Our study has several limitations, primarily due to its retrospective nature. First, this registry included several episodes of treatments from the same patients who received different agents. Second, the registry collected names of coexisting diseases, but the severity of each disease was not recorded. Therefore, although this study included factors related to some comorbidities, namely, the coexistence of chronic lung diseases and serum titres of creatinine, there may be other comorbidities confounding the outcomes such as hepatic disorders and neurological disorders. In addition, our data does not include non-inflammatory symptoms such as fibromyalgia, which are included as a major criterion of the EULAR definition [3] as well as a point to consider in the management of D2T RA [4]. The number of past fractures was also small, suggesting our data about comorbidities was insufficient. From this limitation, even though multiple regression and IPTW were used, bias was not removed entirely. Third, some treatment options such as rituximab were not included in our study because they have not been approved as an RA treatment in Japan. In addition, due to the longer history of TNFi compared to other drugs, most of the D2T RA cases were former TNFi users, which may skew the effectiveness of TNFis to the D2T RA cases.

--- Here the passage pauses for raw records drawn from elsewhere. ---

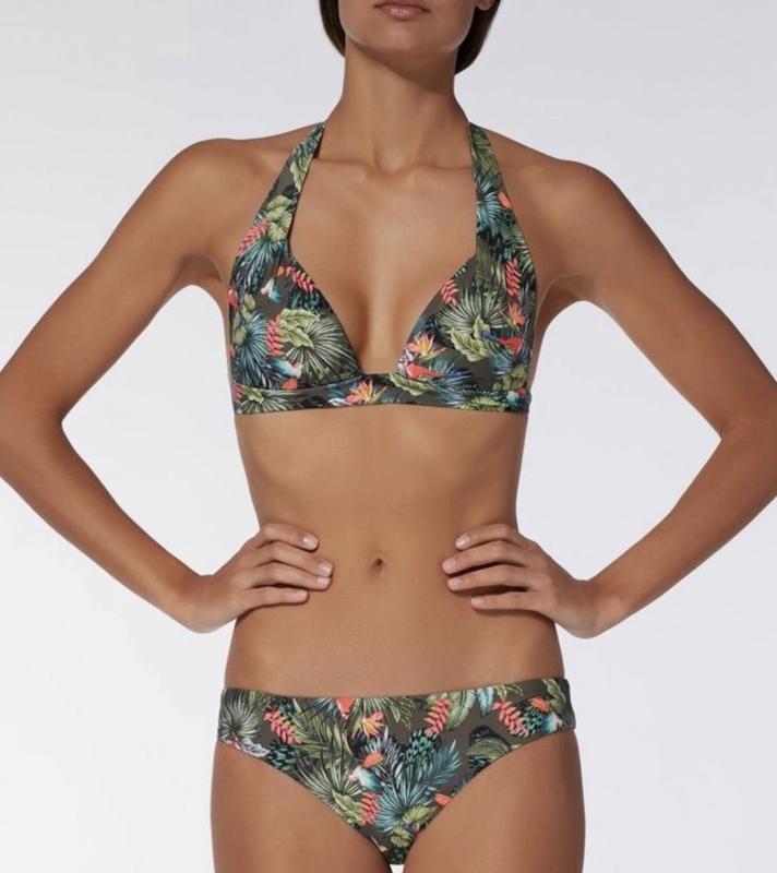 В отличном состоянии, состояние нового. Оригинал. Стильный купальник(9% полиамида, 78% полиэстера, 13% эластана). Лиф с жесткой поролоновой чашкой, объём 70/75B/C,сзади лиф регулируется по объёму,ПОБ 44см-46см.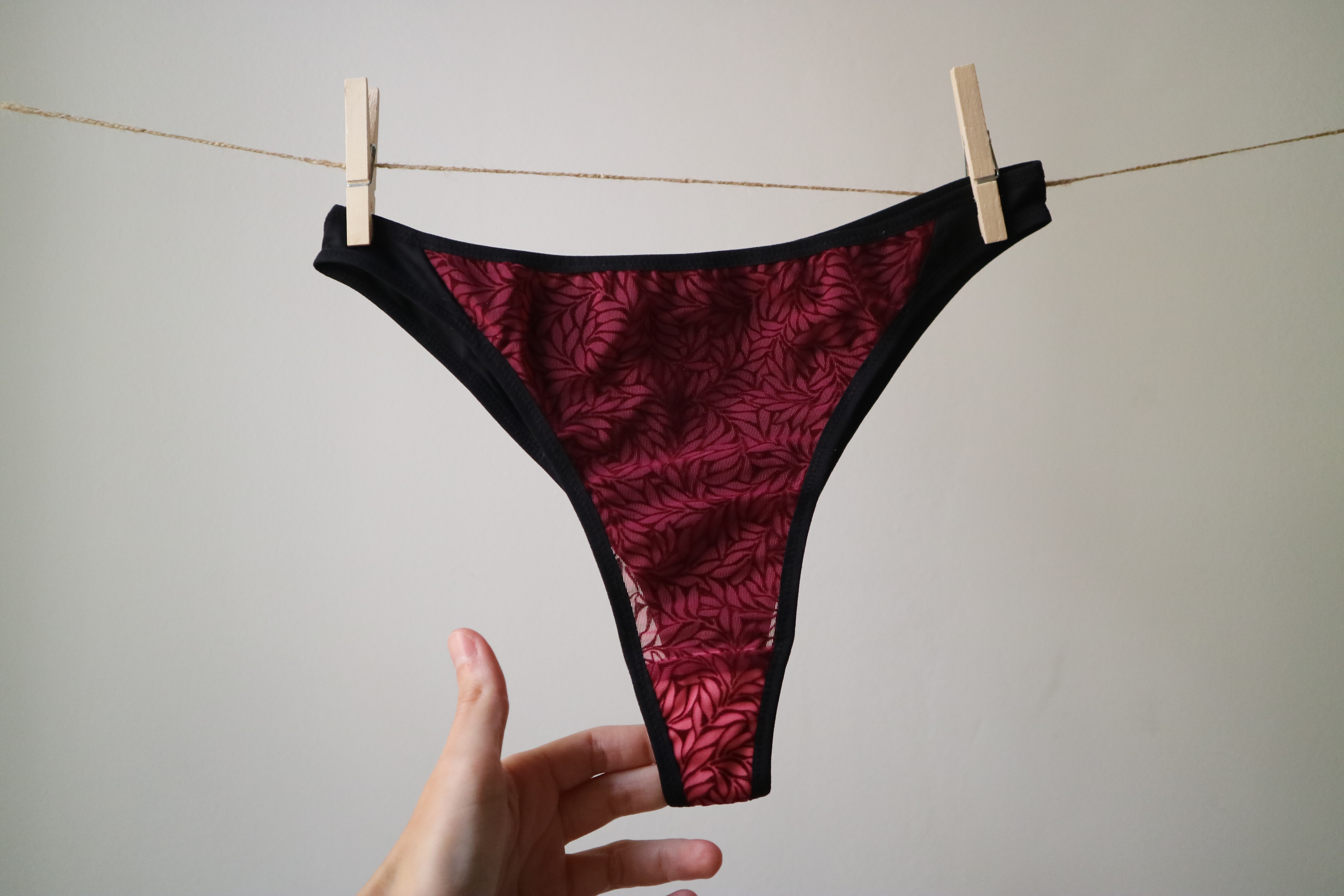 Culotte string bicolore avec une coupe oblique qui affine la silhouette.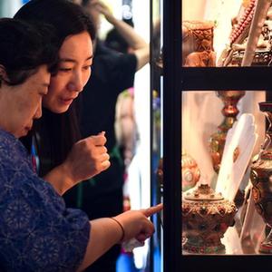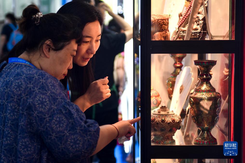 8月24日,參觀(guān)者在第十四屆中國—東北亞博覽會(huì )現場(chǎng)選購尼泊爾特色商品。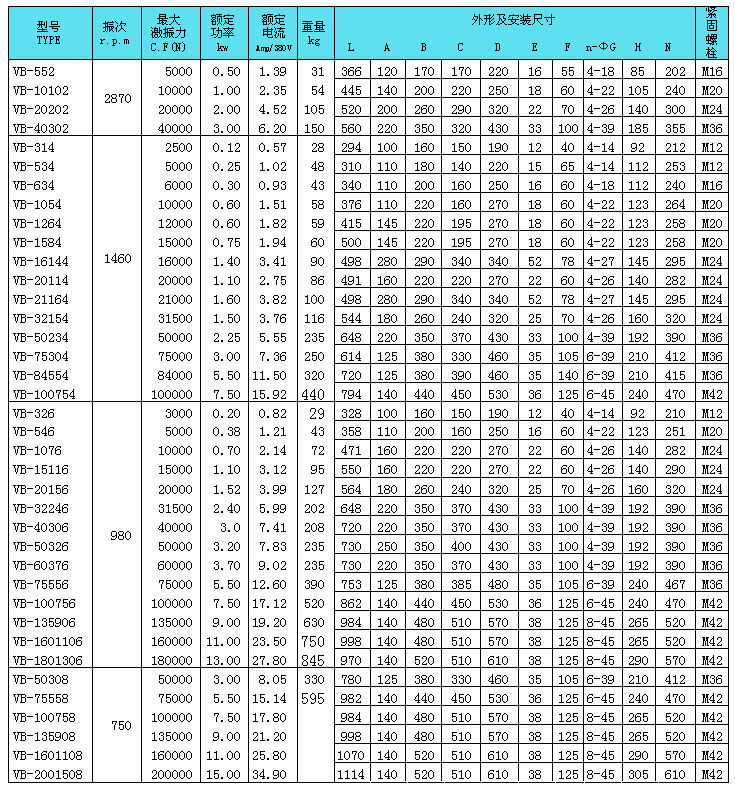 VB-1264-W振動電機外形安裝尺寸技術(shù)參數(shù)表

However, even with these limitations, our study is important in that it provides an important evidence for optimal treatment for D2T RA and vD2T RA patients.

Conclusions

This study suggests the effectiveness of JAKi for a subgroup of D2T RA and vD2T RA patients, especially when the patients were not treated with glucocorticoid or MTX. Further research is required to elucidate the molecular mechanism of refractoriness and effectiveness of each b/tsDMARD among D2T RA patients.